Exercise details
Skip every picture and copy only the lines from the one containing "Castelao estudou as" to the final line of the records below.

··· Data records ···

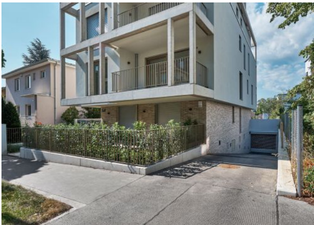
Greenhill Suites | Fassade
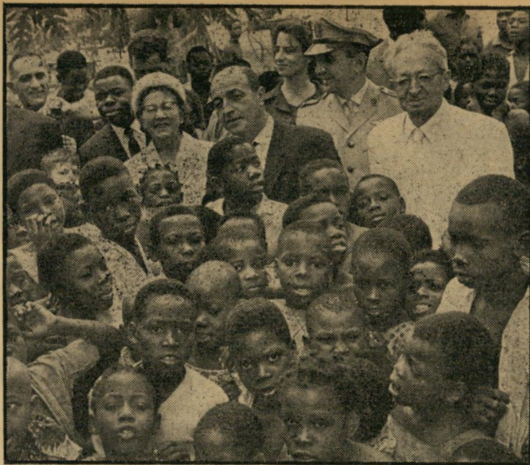
נשיא המדינה בלאופולדווייל (קונגו) איש מפא"י יהיה טועמד

מגדל זה 14 שנים — מאז תפקיד צחוק הגורל דחאק בידי דויד בן-גוריון את קיום צמחתו של זאב זיבוטינסקי — מסרב (המשטח בעמוד 14)
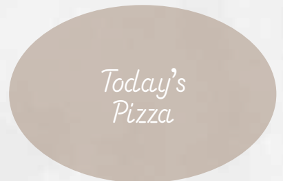
ジョルノピッツァ(本日のピッツァ) スタッフがご説明致します 1,650
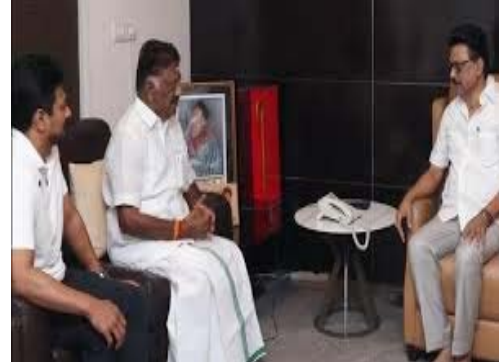
తెలపడం అందరినీ ఆశ్చర్యపరిచింది. శాసనసభ సమావేశాల ముగింపు సందర్భంగా ముఖ్యమంత్రి స్టాలిన్ ను కలిసిన ఓపీఎస్, అసంతరం మీడియాతో మాట్లాడారు. డీఎంకే బడేళ్ల పాలన అత్యంత అద్భుతంగా ఉందని కొనియాడారు. అందుకే ఉదయాన్నే ముఖ్యమంత్రిని కలిసి అభినందనలు తెలిపానని చెప్పారు. రాష్ట్రంలో ప్రస్తుతం ఉన్న పరిస్థితులను బట్టి చూస్తే మళ్లీ డీఎంకే అధికారంలోకి వచ్చే అవకాశాలు పుష్కలంగా ఉన్నాయని ఆయన విశ్లేషించారు.
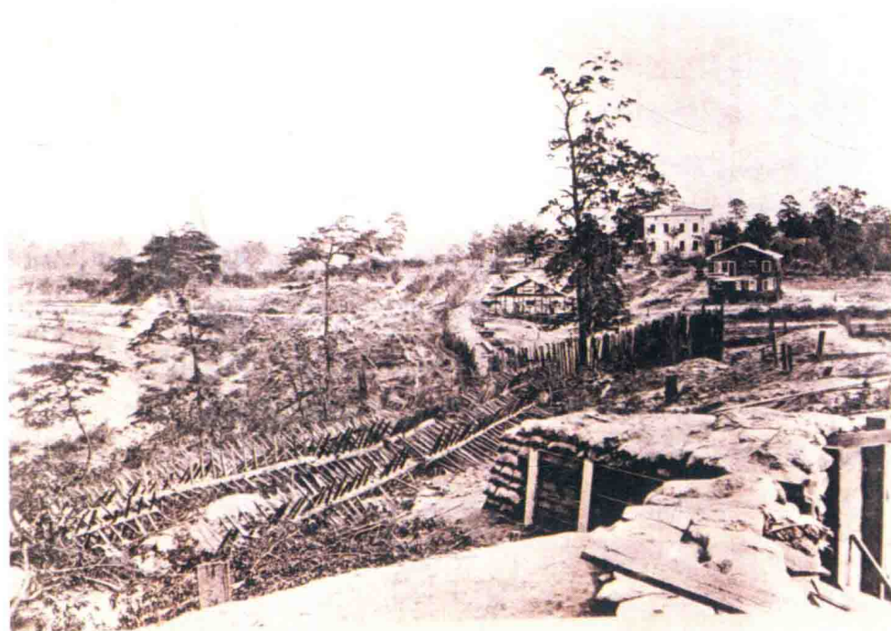
亚特兰大战役：上图为联邦军的一处炮兵阵地，位于桃树街附近，摄于1864年； 下图为邦联军的一处防御工事，摄于1864年
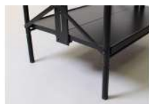
OP/CW-H シャリエワゴン/ハイ脚 キャスターを付けずに棚としても使用可能。ハイトタイプには標準付属
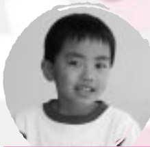
たかはし ひなた こつほうもがねほいたい
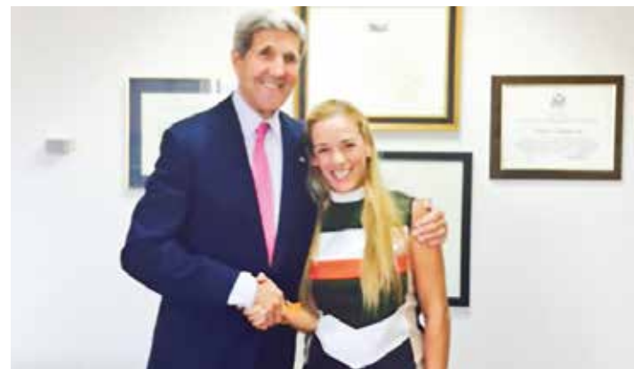
No es casual la reunión entre Kerry y Tintori

Al plan de Washington de convertir al terrorista Leopoldo López en bandera del plebiscito y la cruzada antiMaduro, se suma la intención de la oligarquía colombiana de abrir un expediente en contra del presi-
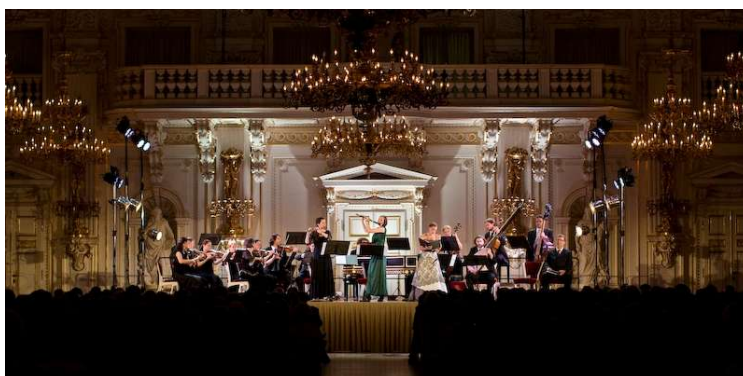
Collegium Marianum
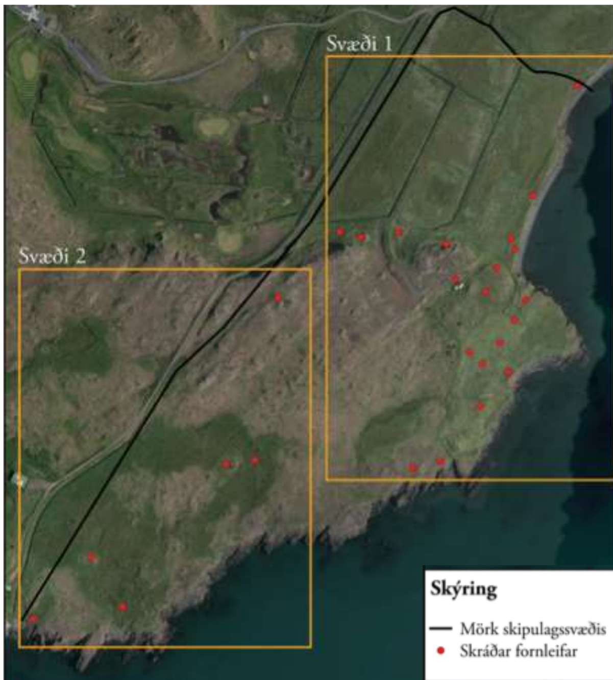
MYND 4. Myndin sýnir staðsetningu þekktra fornleifa í Presthúsum, merktar með rauðum hringjum. Svört lína sýnir jarðamörk.

Nokkrar fornleifar eru á jörðinni Presthús skv. skráningu fornleifa sem unnin var 2019 af Fornleifastofnun Íslands; Prestvík á Kjalarnesi, Deiliskráning vegna hugmynda um uppbyggingu . Búsetuminjar eru að miklu leyti innan 50 metra friðlínu við ströndina ásamt því að vera í nálægð við gamla bæjarstæðið. Framkvæmdir miðast við að hrófla sem minnst við minjum á svæðinu.
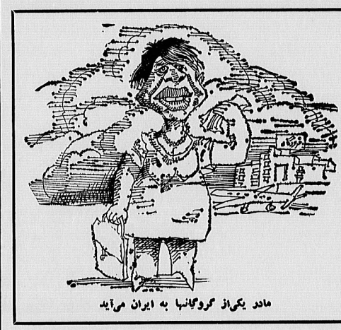
مادر یگاز گروگانها به ایران می‌آید
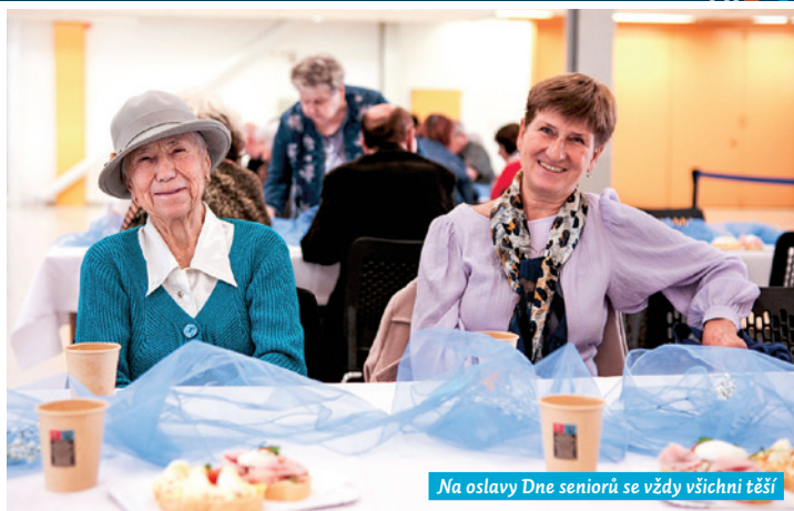
Na oslavy Dne seniorů se vždy všichni těší!
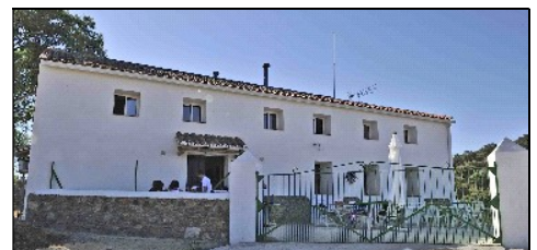
Ausbildungszentrum und Wohnheim „Vallebarco“
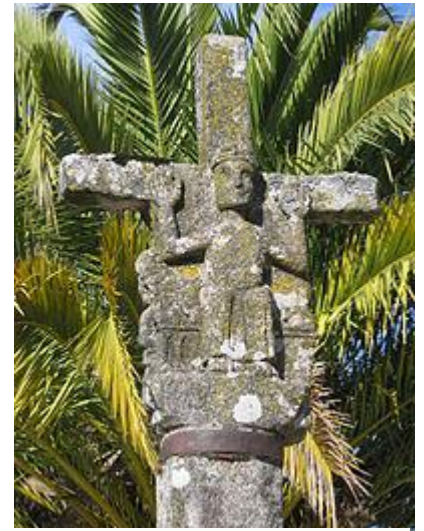
Castelao estudou as cruces de pedra bretoas e galegas, como esta, o cruceiro mais antigo de Galiza, en Melide.

É na breve estancia en Francia cando comezan a manifestarse os primeiros síntomas da enfermidade cancerosa que sufría, como unha afección ó fígado que o tivo na cama unhas cantas semanas. Xa na Arxentina, Castelao retomou a actividade política e participou en numerosos actos públicos, como o coñecido
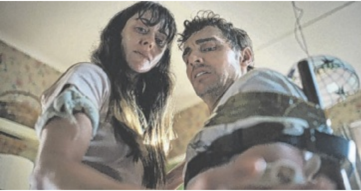
Horror und Mystery mit Alison Brie und Dave Franco
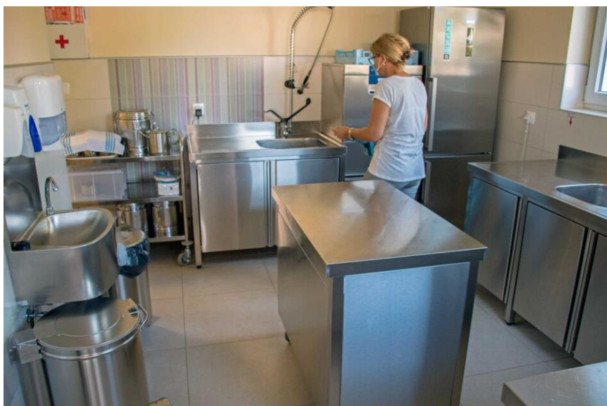
Slika 17. Nova kuhinja u sklopu Dječjeg vrtića Vinkuran
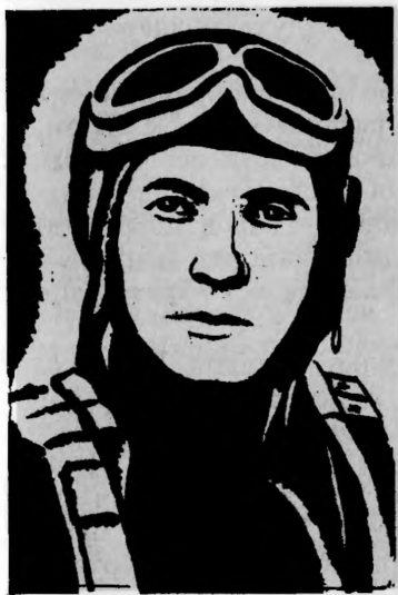
Герой Советского Союза В. Г. КОЗЕНКОВ

···

Completed exercise
Castelao estudou as cruces de pedra bretoas e galegas, como esta, o cruceiro mais antigo de Galiza, en Melide.

É na breve estancia en Francia cando comezan a manifestarse os primeiros síntomas da enfermidade cancerosa que sufría, como unha afección ó fígado que o tivo na cama unhas cantas semanas. Xa na Arxentina, Castelao retomou a actividade política e participou en numerosos actos públicos, como o coñecido
Horror und Mystery mit Alison Brie und Dave Franco
Slika 17. Nova kuhinja u sklopu Dječjeg vrtića Vinkuran
Герой Советского Союза В. Г. КОЗЕНКОВ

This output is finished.